## ABOUT THIS TASK
Quote the entries below from the line with "5校時,講師の先生をお招きし" through the line with "Carte des densités", both ends included, and only those lines.

## STORED DATA

────────────────────────────────────────

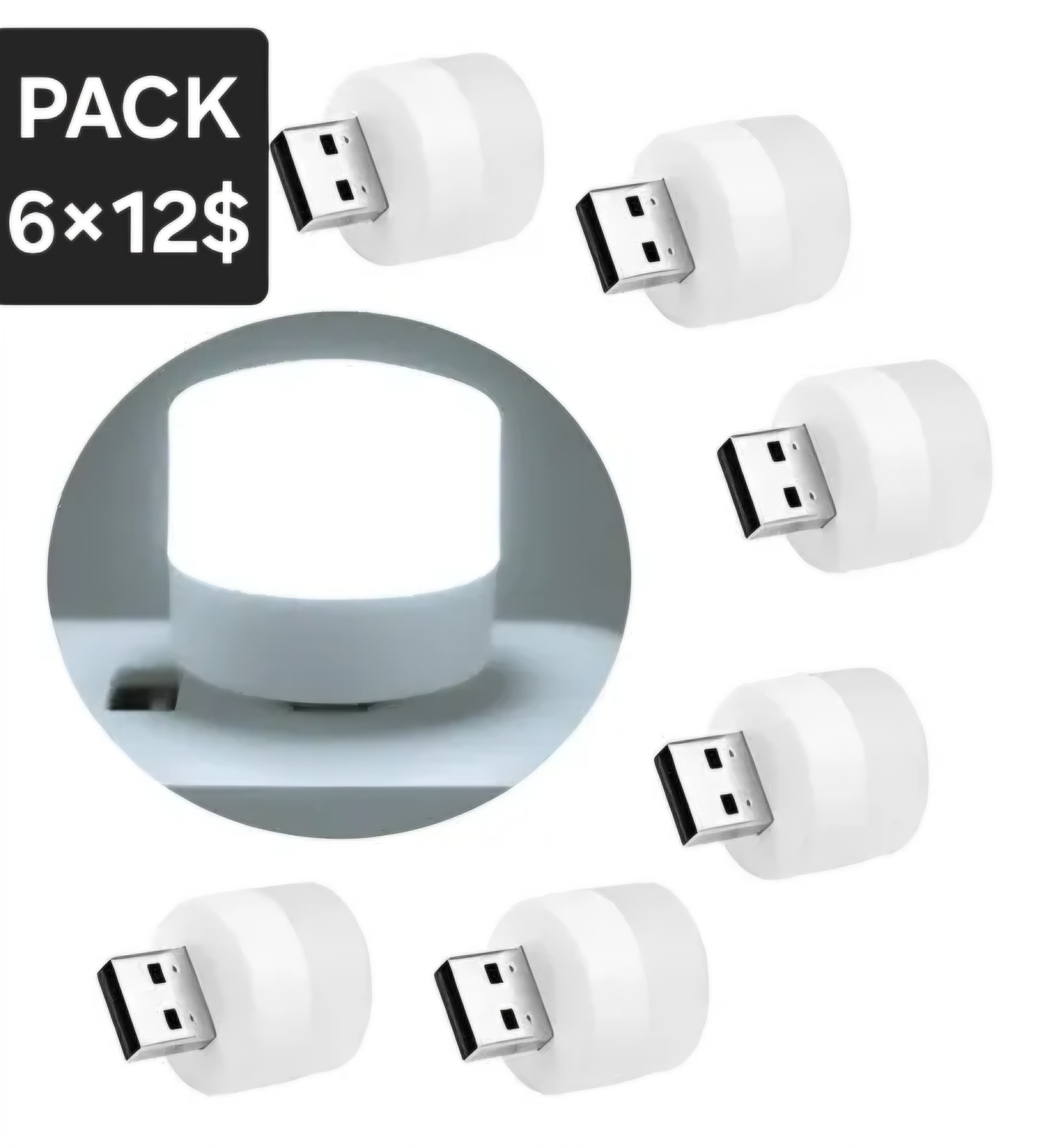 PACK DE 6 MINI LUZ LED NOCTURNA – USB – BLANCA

────────────────────────────────────────

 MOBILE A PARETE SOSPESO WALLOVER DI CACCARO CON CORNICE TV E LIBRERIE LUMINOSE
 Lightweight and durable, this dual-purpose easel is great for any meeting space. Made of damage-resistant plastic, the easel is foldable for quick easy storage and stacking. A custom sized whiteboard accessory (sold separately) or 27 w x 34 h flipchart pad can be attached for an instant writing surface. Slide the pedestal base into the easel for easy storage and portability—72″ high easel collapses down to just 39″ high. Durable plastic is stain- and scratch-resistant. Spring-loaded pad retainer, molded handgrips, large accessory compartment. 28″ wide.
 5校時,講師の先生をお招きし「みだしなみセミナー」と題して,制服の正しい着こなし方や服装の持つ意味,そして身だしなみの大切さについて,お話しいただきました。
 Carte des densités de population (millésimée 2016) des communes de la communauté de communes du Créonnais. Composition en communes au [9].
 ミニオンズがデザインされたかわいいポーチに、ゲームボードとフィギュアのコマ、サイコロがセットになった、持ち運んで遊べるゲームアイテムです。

────────────────────────────────────────

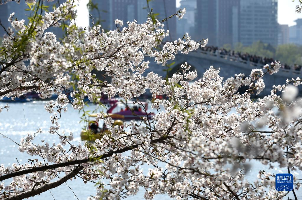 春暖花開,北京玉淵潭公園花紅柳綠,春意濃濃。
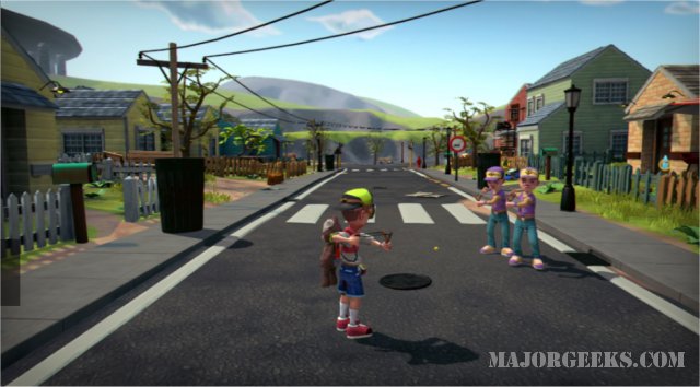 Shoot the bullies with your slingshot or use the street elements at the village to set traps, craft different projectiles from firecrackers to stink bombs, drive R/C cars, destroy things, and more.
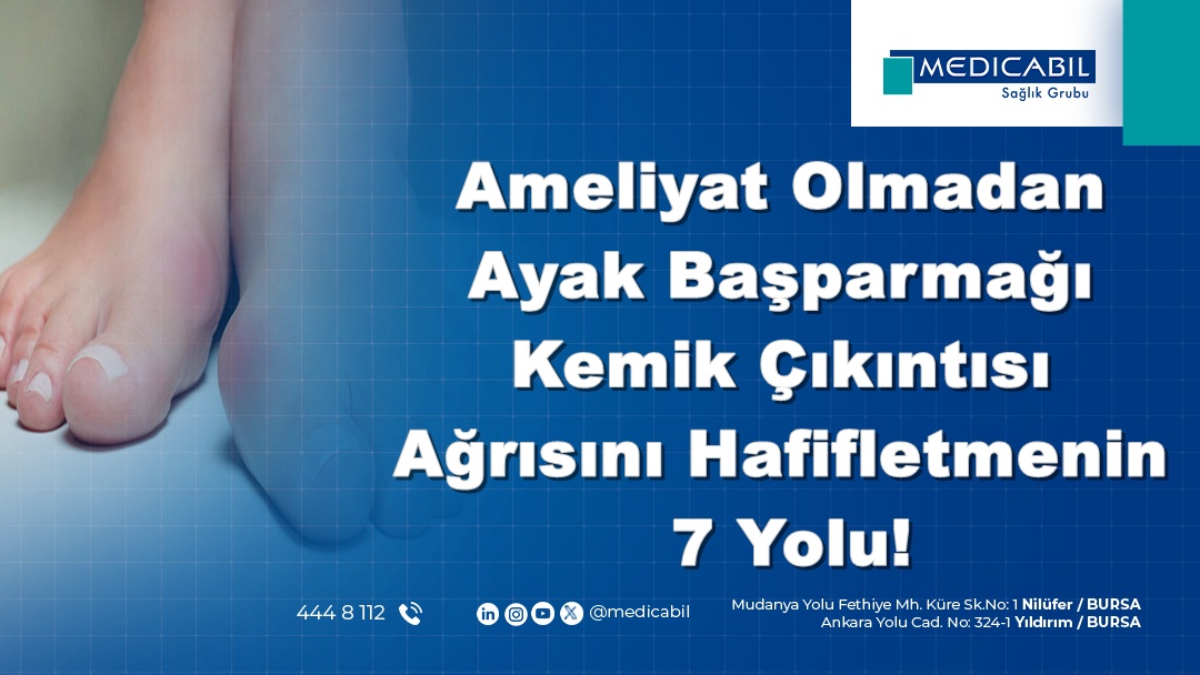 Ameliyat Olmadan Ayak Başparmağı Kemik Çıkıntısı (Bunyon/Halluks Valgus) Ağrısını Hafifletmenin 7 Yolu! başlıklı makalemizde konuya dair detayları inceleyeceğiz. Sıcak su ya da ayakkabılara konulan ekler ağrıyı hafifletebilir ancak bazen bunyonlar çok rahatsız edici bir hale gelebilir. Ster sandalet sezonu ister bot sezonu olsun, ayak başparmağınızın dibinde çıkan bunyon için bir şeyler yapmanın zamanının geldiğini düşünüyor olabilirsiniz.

────────────────────────────────────────

## RESPONSE BOX
 5校時,講師の先生をお招きし「みだしなみセミナー」と題して,制服の正しい着こなし方や服装の持つ意味,そして身だしなみの大切さについて,お話しいただきました。
 Carte des densités de population (millésimée 2016) des communes de la communauté de communes du Créonnais. Composition en communes au [9].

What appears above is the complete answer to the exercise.